# PROBLEM DESCRIPTION:
Every entry must reappear in your answer exactly as written, though its pictures must not.

Records excerpted from a collection
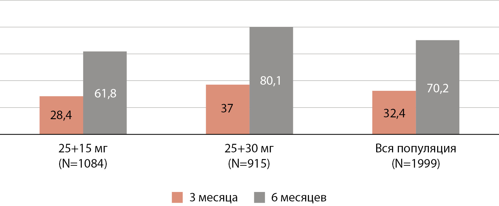 По данным исследования, через 6 мес наблюдения 70,2% пациентов независимо от дозы достигали целевых уровней HbA1c; количество пациентов, принимавших Инкресинк в дозе 25 мг+30 мг 1 раз/сут и достигших целевых показателей HbA1c, составило 80,1%. При этом около трети пациентов достигли целевых значений уже через 3 мес терапии.
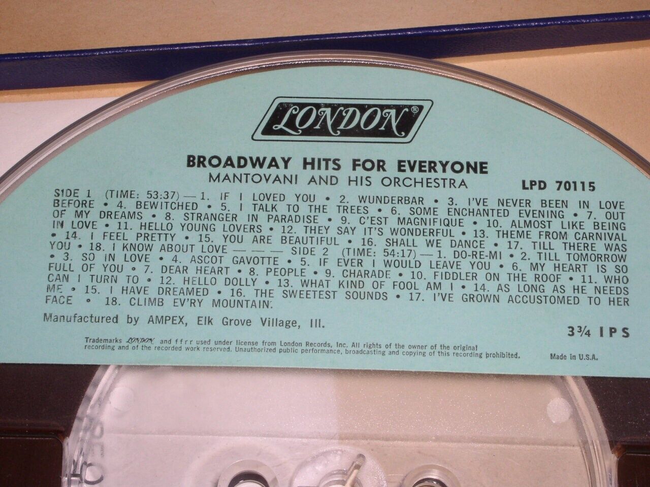 - Mantovani Reel To Reel Tape Broadway Hits Vintage London Label 3 3/4 IPS
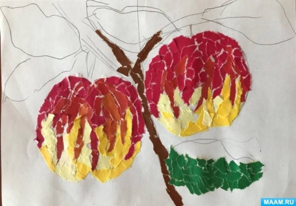 Аппликация Обрывная техника яблоко
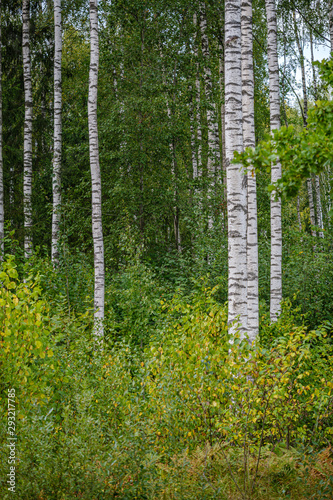 © Martins Vanags, Fototapeta premium green birch trees with some yellow colored autumn leaves
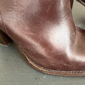Elegant dark brown leather booties with side zippers. Perfect for versatile styling.Minor scuffs.

# ANSWER SPACE:
 По данным исследования, через 6 мес наблюдения 70,2% пациентов независимо от дозы достигали целевых уровней HbA1c; количество пациентов, принимавших Инкресинк в дозе 25 мг+30 мг 1 раз/сут и достигших целевых показателей HbA1c, составило 80,1%. При этом около трети пациентов достигли целевых значений уже через 3 мес терапии.
 - Mantovani Reel To Reel Tape Broadway Hits Vintage London Label 3 3/4 IPS
 Аппликация Обрывная техника яблоко
 © Martins Vanags, Fototapeta premium green birch trees with some yellow colored autumn leaves
Elegant dark brown leather booties with side zippers. Perfect for versatile styling.Minor scuffs.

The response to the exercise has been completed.